> _TO DO_: Each line below must be reproduced exactly as it stands. Pictures stay out of the copy.

───── DATA EXCERPT ─────

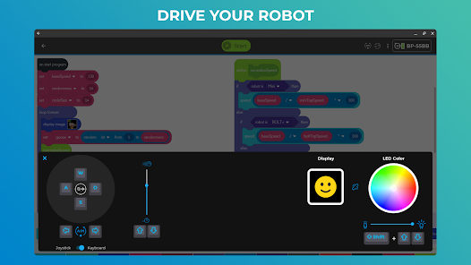 드라이브하기 두뇌 휴식이 필요합니까 로봇의 LED 색상을 설정하고 드라이브 모드에서 주변을 확대하십시오
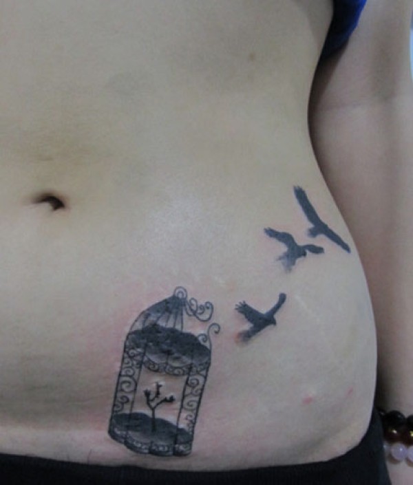 美女腹部时尚潮流的鸟笼与小鸟纹身图案_女生纹身图案大全_纹身图吧
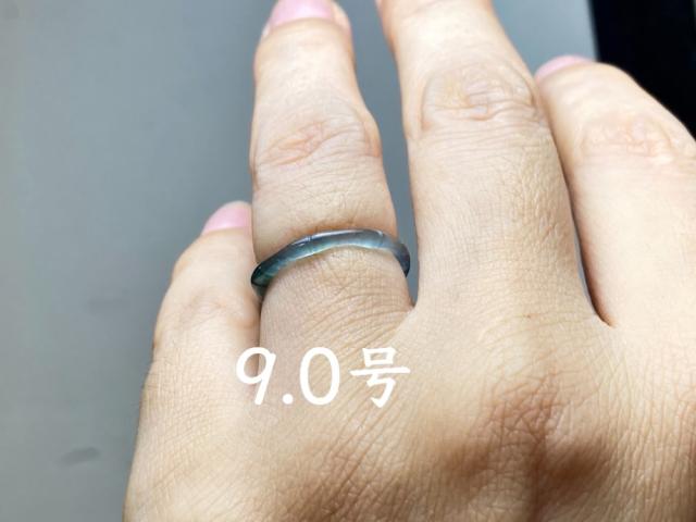 L13-220 細身 ピンキーリング 高氷種 竹節 リング 高級感 9.0号 グアテマラ産 A貨 本翡翠 くりぬき 黒翡翠

─────

> _OUTPUT FOR THIS EXERCISE_:
 드라이브하기 두뇌 휴식이 필요합니까 로봇의 LED 색상을 설정하고 드라이브 모드에서 주변을 확대하십시오
 美女腹部时尚潮流的鸟笼与小鸟纹身图案_女生纹身图案大全_纹身图吧
 L13-220 細身 ピンキーリング 高氷種 竹節 リング 高級感 9.0号 グアテマラ産 A貨 本翡翠 くりぬき 黒翡翠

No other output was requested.